Monday, 28 January 2013

Currency Wars – Japan’s Central Bank Strikes Back

Japan ups the ante with policy makers eyeing monetary policy as a means to weaken their currency but where will it end…

Currency wars is not exactly the stuff of the latest blockbuster showing at the cinema but the issue is making headlines and setting pulses racing.  And it is the normal staid world of monetary policy that is the cause of the tensions.  In the face of weak economic growth, most central banks in developed countries tend to set interest rates close to zero and have had to resort to the unconventional tactic of quantitative easing or the buying of bonds to increase the money supply.  Creating more money in this way has an added effect of also reducing the value of the currency (see Where is all the money going? for more on quantitative easing) and a lower currency is helpful for exporters trying to sell their goods overseas.  With more quantitative easing acting to prompt more exporting, it is an easy way to help out businesses who may be suffering from sluggish demand in their domestic market.  So with quantitative easing all the rage, are central banks set to battle it out to see who can print the most money?

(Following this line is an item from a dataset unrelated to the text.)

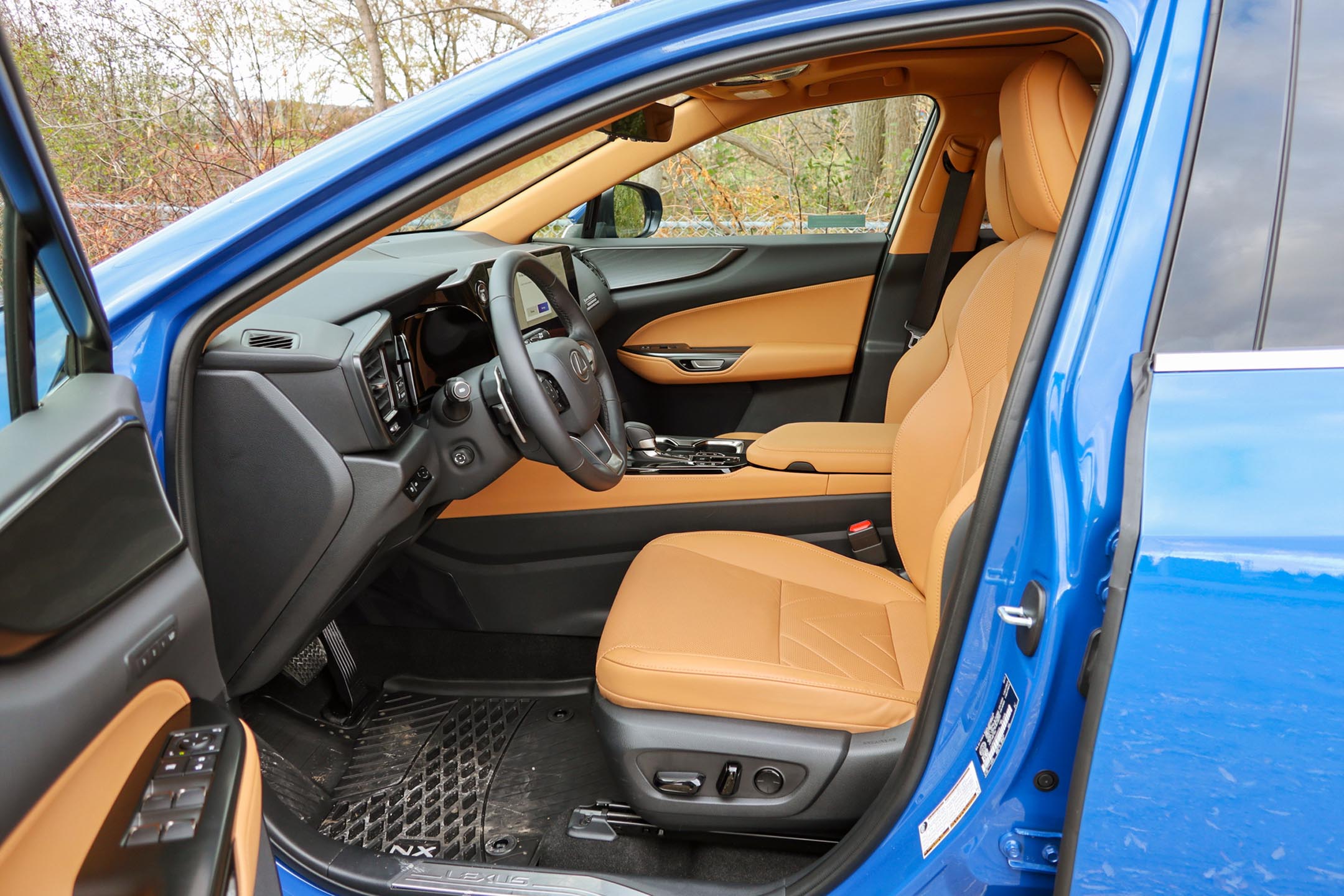 The NX 450+ includes such standard items as 20-inch wheels, a power tailgate, wireless Apple CarPlay and Android Auto, 14-inch infotainment screen, premium stereo, heated steering wheel, auto-dimming mirrors, heated and ventilated front seats, heated rear seats, rain-sensing wipers, and power sunroof.

Central banks are not typically caught up in efforts to stimulate the economy.  Their role typically involves maintaining inflation near a target level.  However, the persistent stagnation in the global economy combined with high levels of debt in many countries has taken away governments’ abilities to revive the economy through increased spending or lower taxes.  As such, central banks have been enlisted to combat the worst economic slump since the Great Depression.  Quantitative easing was initially called into service as a boost to the economy but its effects on the currency markets have not gone unnoticed.

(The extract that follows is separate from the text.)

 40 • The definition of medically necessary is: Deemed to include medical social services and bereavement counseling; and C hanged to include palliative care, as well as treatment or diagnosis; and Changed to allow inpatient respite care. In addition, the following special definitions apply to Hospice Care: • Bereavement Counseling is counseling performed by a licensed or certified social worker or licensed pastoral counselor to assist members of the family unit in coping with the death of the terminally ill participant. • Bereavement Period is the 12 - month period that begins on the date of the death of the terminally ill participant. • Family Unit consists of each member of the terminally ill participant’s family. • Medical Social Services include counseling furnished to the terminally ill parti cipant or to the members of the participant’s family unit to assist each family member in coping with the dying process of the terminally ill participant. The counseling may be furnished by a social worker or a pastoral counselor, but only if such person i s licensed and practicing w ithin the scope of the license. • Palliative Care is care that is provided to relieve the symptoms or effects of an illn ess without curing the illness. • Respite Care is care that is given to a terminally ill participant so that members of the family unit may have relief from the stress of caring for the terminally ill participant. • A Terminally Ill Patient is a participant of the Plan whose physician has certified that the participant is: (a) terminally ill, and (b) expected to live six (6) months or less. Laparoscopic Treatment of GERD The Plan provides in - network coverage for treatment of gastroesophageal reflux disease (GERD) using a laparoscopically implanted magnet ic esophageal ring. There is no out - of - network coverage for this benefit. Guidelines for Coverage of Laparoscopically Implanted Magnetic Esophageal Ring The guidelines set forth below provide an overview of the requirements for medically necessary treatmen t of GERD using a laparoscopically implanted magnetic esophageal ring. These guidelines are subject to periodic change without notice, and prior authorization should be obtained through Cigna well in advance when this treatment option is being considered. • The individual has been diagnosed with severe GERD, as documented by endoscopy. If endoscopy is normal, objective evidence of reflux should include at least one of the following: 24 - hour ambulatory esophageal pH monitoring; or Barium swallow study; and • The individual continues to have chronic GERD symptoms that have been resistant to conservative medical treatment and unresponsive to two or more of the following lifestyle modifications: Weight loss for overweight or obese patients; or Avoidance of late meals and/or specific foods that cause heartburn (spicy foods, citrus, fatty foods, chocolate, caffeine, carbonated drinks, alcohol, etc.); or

The latest salvo which has ramped up tensions was the Bank of Japan (the central bank in Japan) raising its inflation target from 1% to 2% following political pressure from the newly elected government in Japan.  It is not the action of the Japanese central bank that is causing concerns but that the Bank of Japan acted under a barrage of pressure from the government.  It is seen as crucial that central banks are allowed to operate for the good of the economy free from outside influences.  This independence from political pressure is the crux of the argument for central banks being entrusted with monetary policy (see More Power to Economists for more on why this is the case).

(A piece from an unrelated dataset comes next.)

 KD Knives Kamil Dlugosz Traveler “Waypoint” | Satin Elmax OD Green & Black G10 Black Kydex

The flip side of the coin is that Japan has fallen victim to peculiarities of the currency markets following the onset of the global financial crisis in 2008.  Normally, the value of a currency would fall when the economy is doing poorly but the opposite has happened to the yen which surged in strength from above Y120 per US$ in 2007 to below Y80 per US$ in 2012.  So, as well as a recession in their home market and a drop in global demand for exports, Japanese business were under fire due to a strong currency resulting in the prices of goods exported from Japan becoming more expensive in foreign markets (for more detail, refer to Yen as Weathervane).  As a result, Japan posted its largest ever trade deficit in 2012 which is a sharp turnaround for a country known for its exporting prowess.

The new stance by the central bank in Japan had the desired effect with the yen dropping back above Y90 per $US but the plunge in the yen is based on market expectations of what could happen as the Bank of Japan has yet to do anything.  Furthermore, it is even unclear on what Japan’s central bank will do to work toward a “medium to long-term” goal of 2% inflation.  The Bank of Japan has not had any luck in lifting the country out of deflation and reaching its prior target of 1% inflation so it remains to be seen whether the shift in stance will have any effect.  An immediate change is the further politicization of central banks who have gradually been given more responsibility for the economy than was part of their initial remit.  The use of monetary policy as means of manipulating the currency is now in the sights of policymakers across the globe.  This poses the question - do other countries dare follow Japan’s lead?  There might be a sequel: ‘Currency Wars - Return of the Printing Presses’?